Some bitcoin users rely entirely on exchange wallets and get by without owning a personal bitcoin wallet. We explain why this is not really a good practice.
If you plan to buy and own bitcoin, then YES, you will need a bitcoin wallet. Your own personal bitcoin wallet. You will ultimately need a place to “store” them.
If you have paper money, you will also need a wallet to store it. However, paper money being physical in nature, can be placed just about anywhere. On the table. In your pocket. In your bank safe deposit box.
In the case of bitcoin, it is a little different.
Bitcoin is digital in form. It is non-physical, and cannot be held or simply placed anywhere. And there isn’t a bitcoin bank.
In the cryptocurrency realm, your bitcoin wallet is more like a bank than a wallet. There isn’t a third party or financial institution which will look after your bitcoin.
You are wholly responsible for your own bitcoin.
Again, this is one of the advantages of cryptocurrencies. You are in total control of your own funds. Nobody can tell you how and where to spend it, or the time of day and daily limit you are allowed to send to another person.
In other words, you have FULL CONTROL.
So yes, you need a bitcoin wallet, if you buy and own bitcoin.
But…crypto exchanges have bitcoin wallets too!
True! But between your wallet and the exchange, the latter is more susceptible to hack attempts by hackers.
The significantly higher value of cryptocurrencies at an exchange compared to a user’s personal wallet, and the effort to hack an exchange that holds more funds seems more worthwhile.
But that’s not the only reason.
In the past, hacks at exchanges that resulted in account holders losing their bitcoin were not uncommon, and it was largely due to lack of awareness on security (both on the part of the exchange and the account holder) that resulted in those incidents.
Today, new people entering the cryptocurrency scene are still running the risk of leaving their bitcoin at the exchange wallet, out of the same lack of awareness about the risks involved with not keeping their own bitcoin.
These days, exchanges are better equipped and have upped their security level. Bitcoin and cryptocurrencies are stored in cold wallets or vaults that make it virtually impossible for an outsider to penetrate in and steal bitcoin.
However, inside jobs are still a possibility.

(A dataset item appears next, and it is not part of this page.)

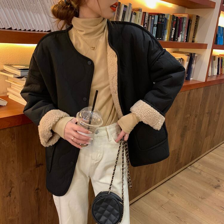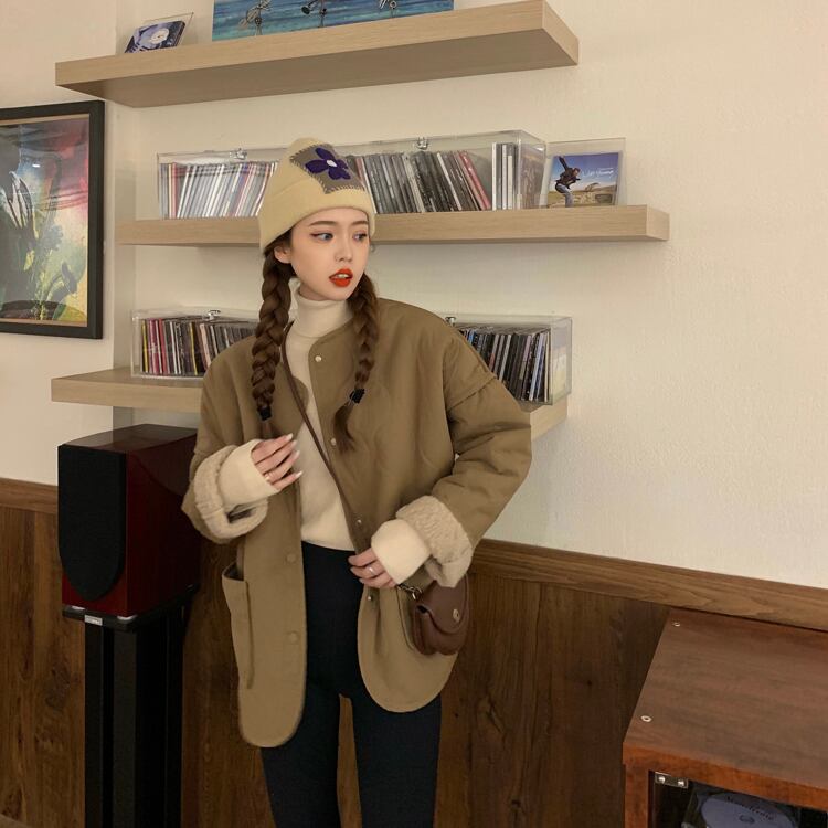 アウター ブルゾン 上着 もこもこアウター 韓国流行 黒 ブラック 茶色 ブラウン 長袖 襟なし もこもこ モコモコ ポケット かわいい 大人可愛い きれいめ シンプル カジュアル 大人 おしゃれ お洒落 大人可愛い 大人女子 こなれ感 ラフ メンズライク 個性的 主役級 存在感 抜け感 無地 秋 冬 10代 20代 レディース 学生 通学 デート お出かけ 着回し 普段使い ファッション コーデ スタイル 楽ちん 暖かい 防寒 モテ 送料無料 トレンド 流行 インスタ映え ゆったり ゆる

There is a famous saying that goes “Not your keys, not your bitcoin“. That implies that bitcoin kept at an exchange are held by the private keys that belong to that exchange and not you, even though the exchange wallet may bear your name. Should the exchange stop operating or vanish from existence, the same fate would apply to your bitcoin.
Remember, “Not your keys, not your coin“. You should always retain custody of your own coins, and that means having your bitcoin “stored” in your own wallet, held by your own private keys, wherever possible.
Consider this scenario.
Someone visits a bureau de change or currency exchange and decides to convert US Dollar (USD) to British Pounds (GBP). He looks at the rates and buys some GBP with his dollars. He then realises that he doesn’t need that much, and decides to keep half of the GBP at the exchange (let’s pretend for a moment exchanges do that) and leaves with the other half. Later that day, the exchange is robbed and all the currencies, including his GBP, are stolen. Maybe the exchange is insured against theft and robbery, but that is a separate matter.
A currency exchange doesn’t have a facility where you are allowed to store your money there, but assuming there is, would you leave your money at the currency exchange if you didn’t need the money there and then? If the answer is no, then the same applies with bitcoin that you leave at a cryptocurrency exchange.